The student committee advocating for the creation of an Innovation for Social Change secondary field will submit the first draft of the proposed curriculum this Friday to the Associate Dean of Undergraduate Education Noel Bisson.
The secondary concentration, according to the students spearheading the proposal, aims to “provide students with an interdisciplinary approach to thinking critically about solving societal problems using focused learning, action, and reflection.”
Following the draft submission, the Dean and the student committee will work together to achieve a final curriculum, which they hope to complete by the end of the school year.
A team of students, former School of Engineering and Applied Sciences Dean Venkatesh “Venky” Narayanamurti, and Physics Professor David A. Weitz are currently working together to draft the proposal by the end of the week.
On Monday, four leaders of the student group met with University President Drew G. Faust to pitch their idea, gain Faust’s support, and ask for advice. According to the head of the student committee, Emily K. Harburg ’11, Faust encouraged the students to continue their efforts, and the president said she plans to help them connect with faculty members relevant to the field.
Since their introductory meeting on April 7, the students have assembled a standing committee of 11 faculty members to present their plan to Bisson, exceeding their original goal of 10 members. The committee includes faculty from the psychology, anthropology, and sociology departments as well as several departments across the humanities.
“We are honored to have the support of these faculty members, who are devoted to working with us and getting this proposed secondary passed,” said Kara M. Kubarych ’13, the chair of the faculty outreach sub-committee for the group.
Kubarych added that the group is “confident that the faculty will champion this ground-breaking new program for Harvard undergrads.”

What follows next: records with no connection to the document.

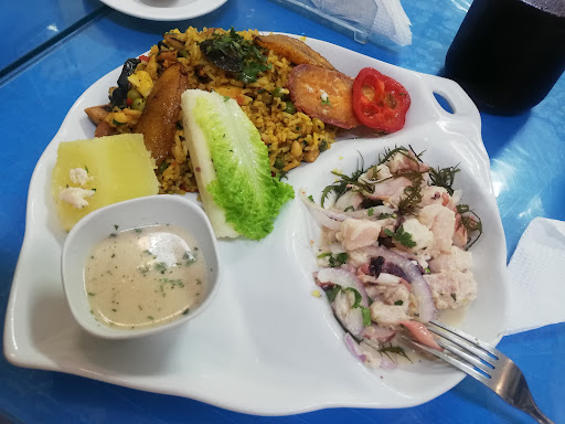Ubicado en una avenida concurrida, hay estacionamiento para autos y motos en la parte frontal de manera gratuita. Puedo pensar que se puede estacionar al frente también, sin embargo no he visto servicio de guardiania tampoco valet parking... Quizás la zona no necesita, no tiene índice delictivo alto. Así también puedes ir en bicicleta y colocarlo en la entrada. Acerca del interior, es limpio aunque el piso desgastado. La decoración es buena y tiene una zona para niños. Se puede pagar con tarjeta de crédito o débito hasta cierta hora qeu atiende el sistema. En cuanto a la comida, es relativamente buena con sabores de la zona. En la oportunidad que fui Nov 2023 por la tarde, pedí duo marino de ceviche de pescado y se confundieron (quiero pensar) y me trajeron ceviche mixto con mariscos. También chicharrón de pescado que, no era la mejor preparación. En mis perspectiva el pescado estaba hecho como una masa. Quizás los demás platos en la carta tengan un mejor sabor y presentación. La bebida (chicha morada) muy buena! Considero una buena opción de cevicheria...
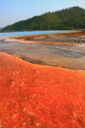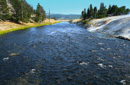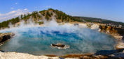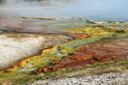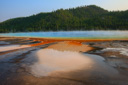 Midway Geyser Basin contains a small collection of mammoth-sized springs, and it is actually part of the Lower Geyser Basin, but because of its isolated location between the main features of Lower and Upper geyser basins, it became known as Midway.
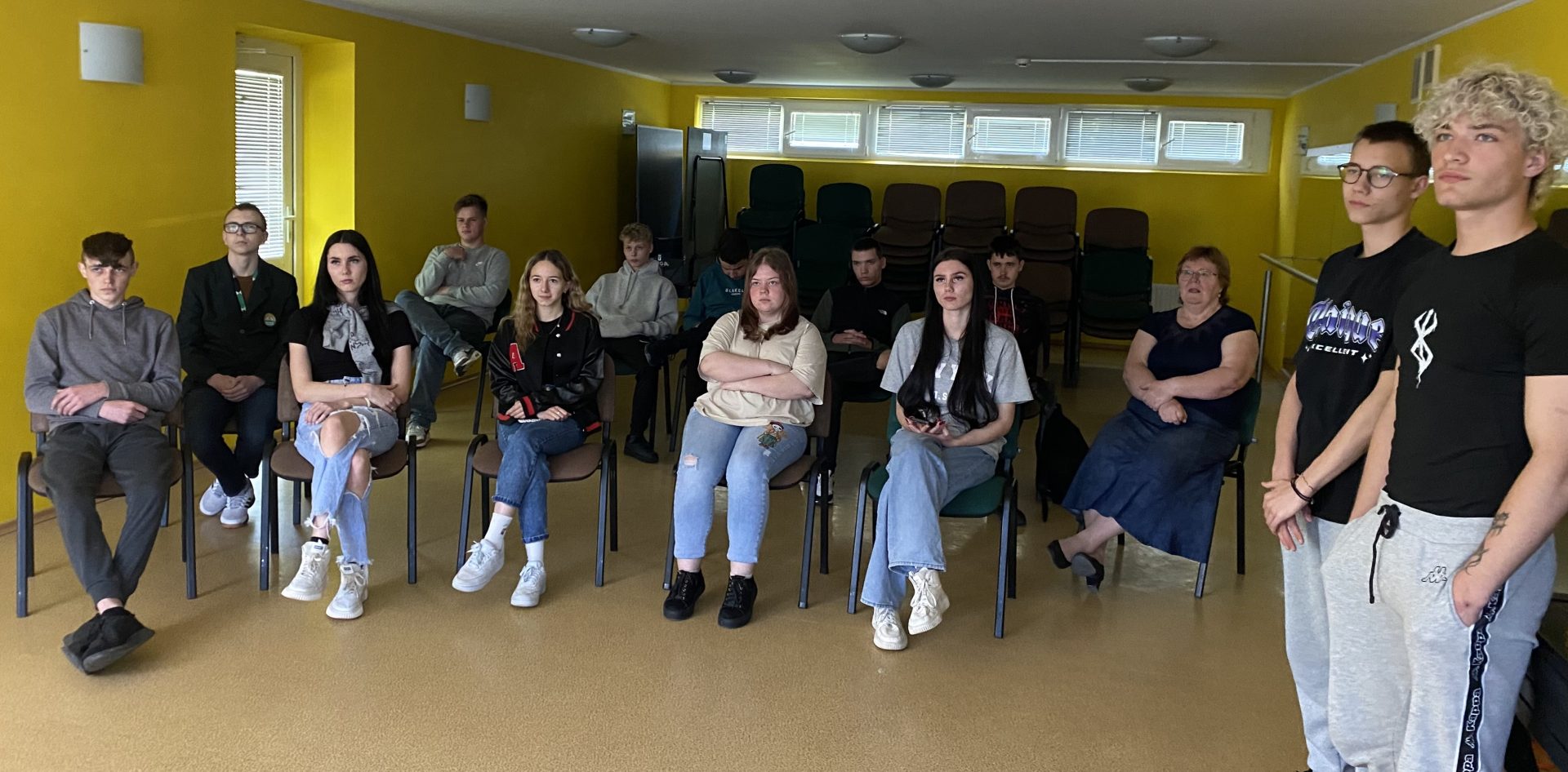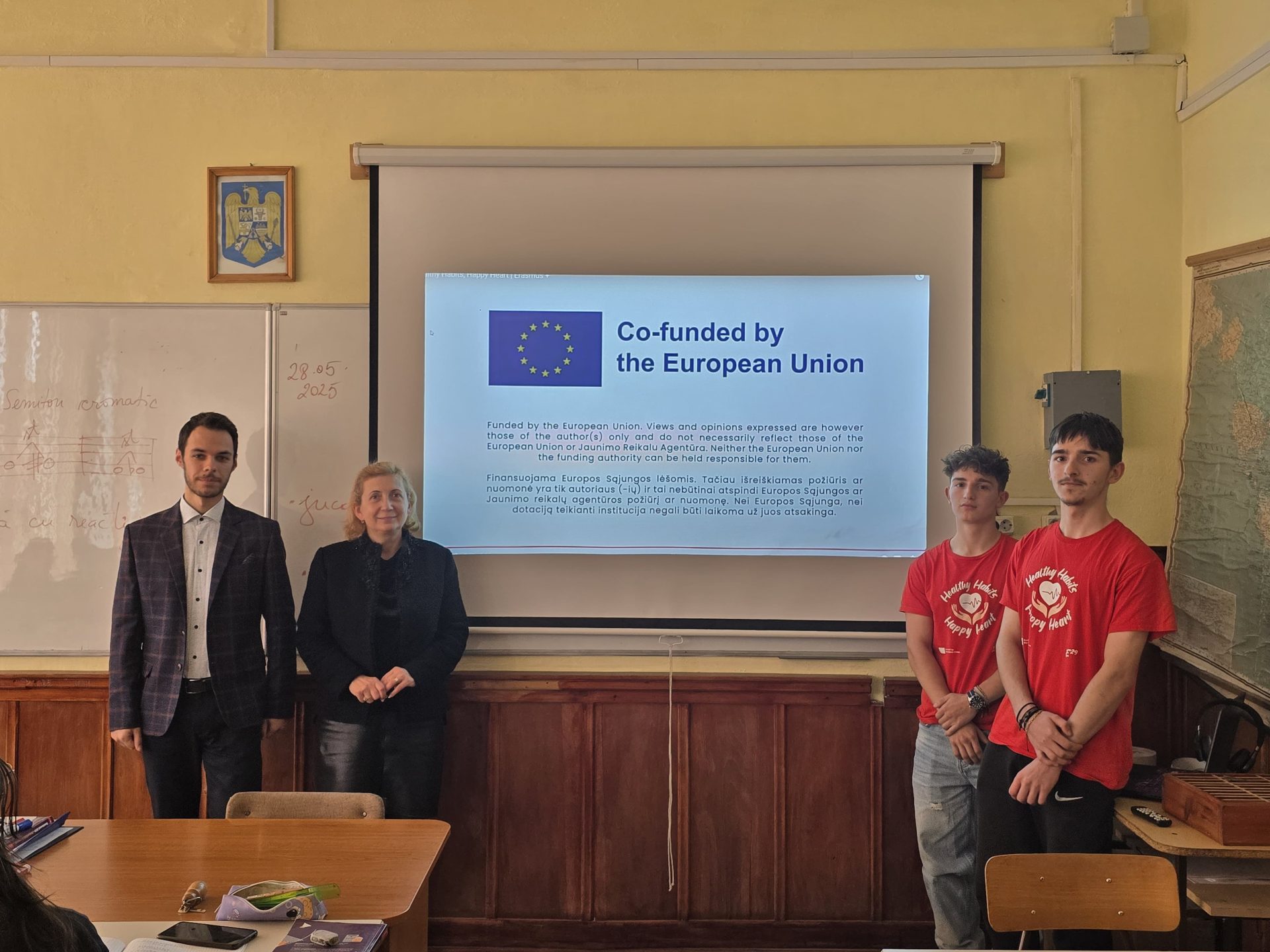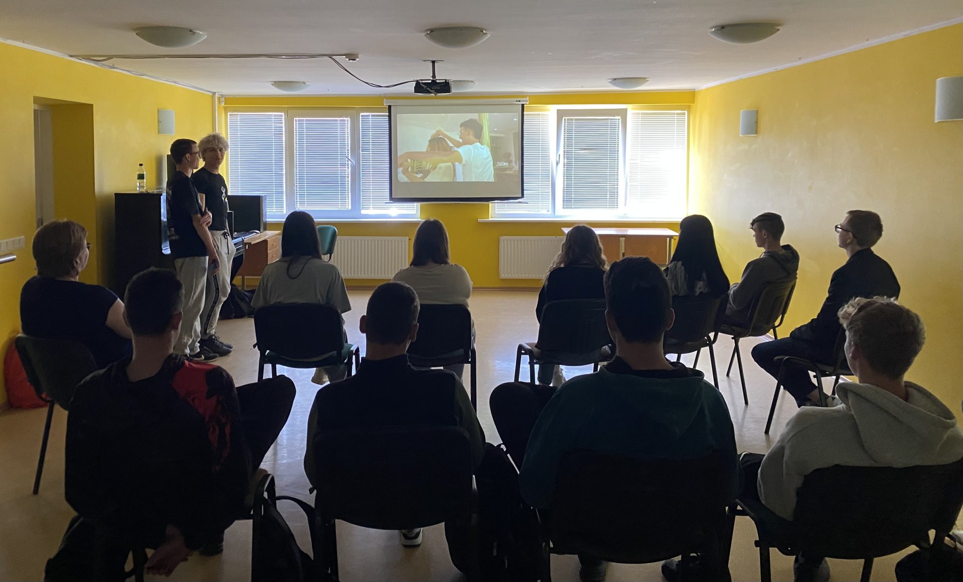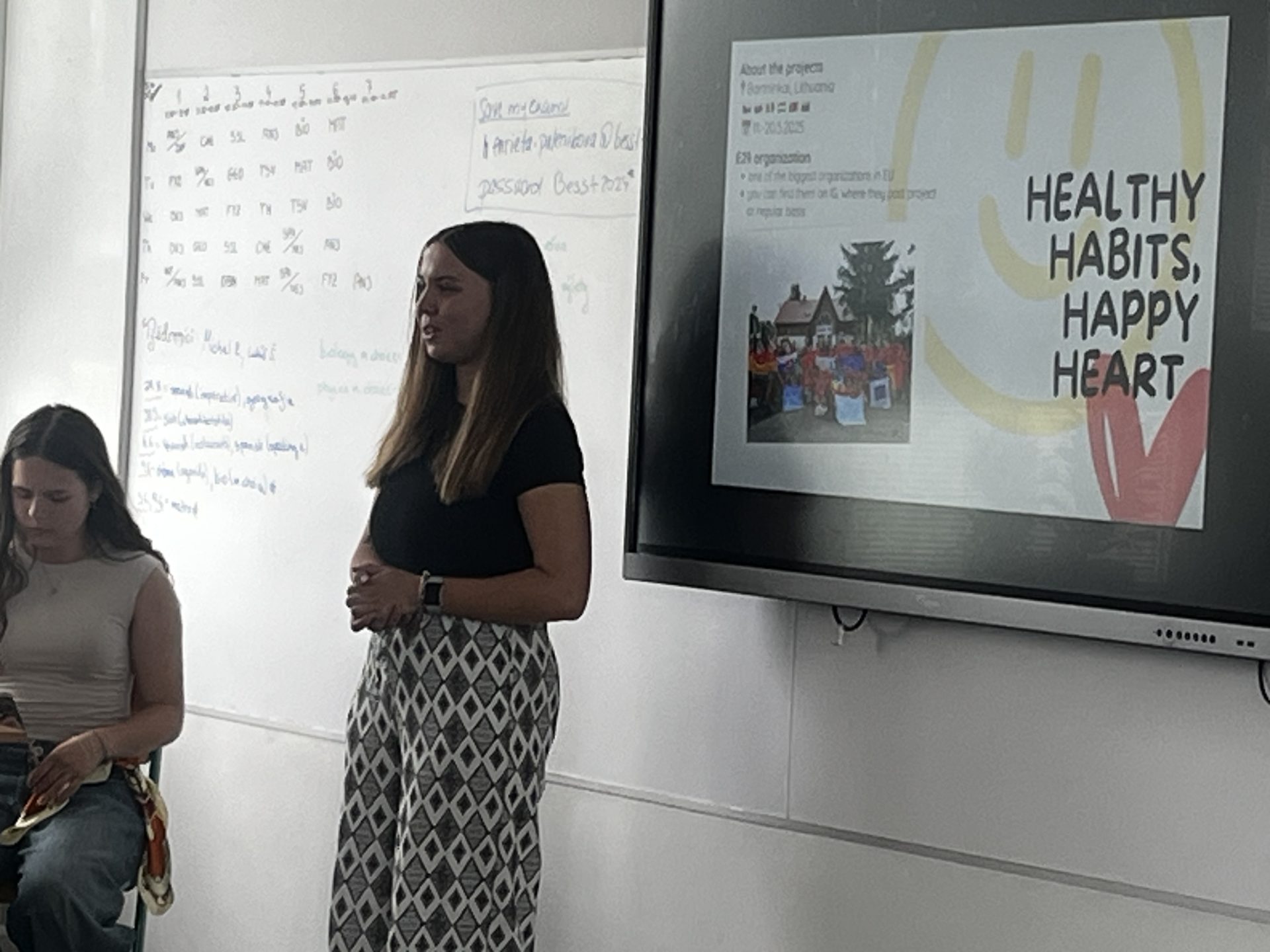 Dissemination held by Oleksandr and Emilis in Graziskiu Gimnazija, where they presented the Youth Exchange Healthy Habits, Happy Heart to 15 classmates, showed the activity video, and shared insights about the experience, activities, and themes of the activity.

Three faculty members on the standing committee who have formally announced their support are Anthropology Professor Mary M. Steedly, Psychology Professor Ellen J. Langer, and Calestous Juma, professor of the practice of international development at Harvard Kennedy School.
“They’re defining their future and the least faculty can do is give them the benefit of the doubt by lending their support,” said Juma, who has previously worked with students from other universities on similar initiatives.
SEAS has also been a key supporter of the students’ efforts and will likely be the administrative house of the secondary concentration, Kubarych said.
On April 10, the Undergraduate Council passed legislation in support of the secondary concentration.
After the group finalizes the curriculum, the students will submit their program to the Faculty for a final vote. Harburg said she hopes the final vote will take place as soon as next semester.